Les prophètes du temps de l'exil avaient
annoncé un retour des exilés prenant la forme d'un nouvel exode encore plus
glorieux que le premier. Lorsque le roi de Perse Cyrus s'empare en 538 de
Babylone et met du même coup fin à la domination babylonienne, il promulgue un
édit rendant
leur liberté à tous les Juifs retenus captifs en Mésopotamie. Tout semble donc
prêt pour opérer ce retour d'exil attendu depuis cinquante ans. Le livre d'Esdras précise que c'est le prince Sheshbaççar qui reçoit le dépôt des objets du temple. Comme
on ne trouvera plus trace de ce personnage dans la suite, on a cherché à
l'identifier. Certains proposent d'y voir la même personne que le prince
Shenazzar cité en 1Ch 3,18, ce qui fait de lui un descendant de David, et
l'oncle de celui qui sera réellement le rebâtisseur du temple, le prince
Zorobabel. Mais la mission de
Sheshbaççar, faute de soutien, va être un échec. Les occupants du pays,
Samaritains et Judéens restés sur place, voient d'un très mauvais oeil le retour
des exilés qui amènent avec eux tous les principes théologiques et liturgiques
développés en exil. Ceci est d'autant plus manifeste que, sur le plan politique,
le gouverneur de Samarie avait autorité sur la Judée. Il n'est dès lors pas
enthousiaste au projet de rétablissement d'une autonomie judéenne.
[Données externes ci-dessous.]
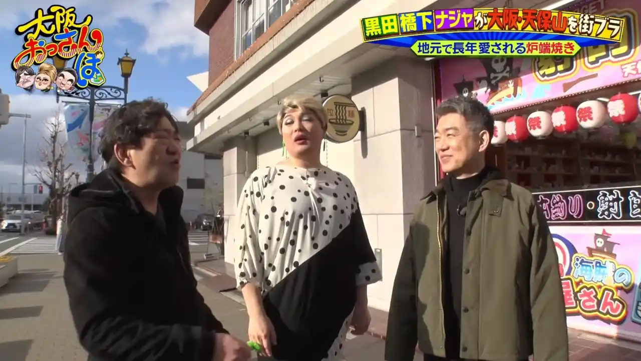 今回は、黒田有、橋下徹、ナジャ・グランディーバの3人が、大阪の湾岸部・天保山を“おっさんぽ”する。昨年12月にオープンした観光スポット「お菓子ミュージアム天保山」や、昭和の面影を色濃く残す昔ながらの町を巡る。 |

Par ailleurs, les candidats au retour ne
sont pas légion. Beaucoup d'exilés se sont très bien adaptés à Babylone et y ont
refait leur vie et leur fortune. Ils ne sont pas enchantés à l'idée de quitter
tout cela pour revenir dans un pays pauvre, dans une ville à demi-ruinée, non
défendue, et dont la majorité de la population est hostile à leur arrivée. Seul
un petit nombre choisissent le chemin du retour et leurs noms seront consignés
avec soin.
Un clivage au sein du judaïsme post-exilique
On voit ici se mettre en place un ferment de division
qui va déchirer profondément le monde juif. Qui vont, désormais, être les Juifs
fidèles, le vrai peuple de Dieu? Trois groupes vont se trouver
confrontés:
Ceux qui n'ont jamais quitté la Judée Samarie, et qui se considèrent
comme les vrais Juifs enracinés dans la terre que Dieu donna à leurs
pères
Ceux qui sont revenus d'exil, l'élite intellectuelle et sacerdotale
qui n'a pas grande considération pour les petits restés sur place et qui
se considèrent les vrais garants d'un judaïsme qui a su résister à la
contamination païenne.
Ceux qui sont partis
en exil à Babylone ou qui ont fuit en Egypte et qui ne sont jamais
revenus, mais qui, au contraire, ont formé des
communautés juives vivantes dans leurs nouveaux pays d'adoption.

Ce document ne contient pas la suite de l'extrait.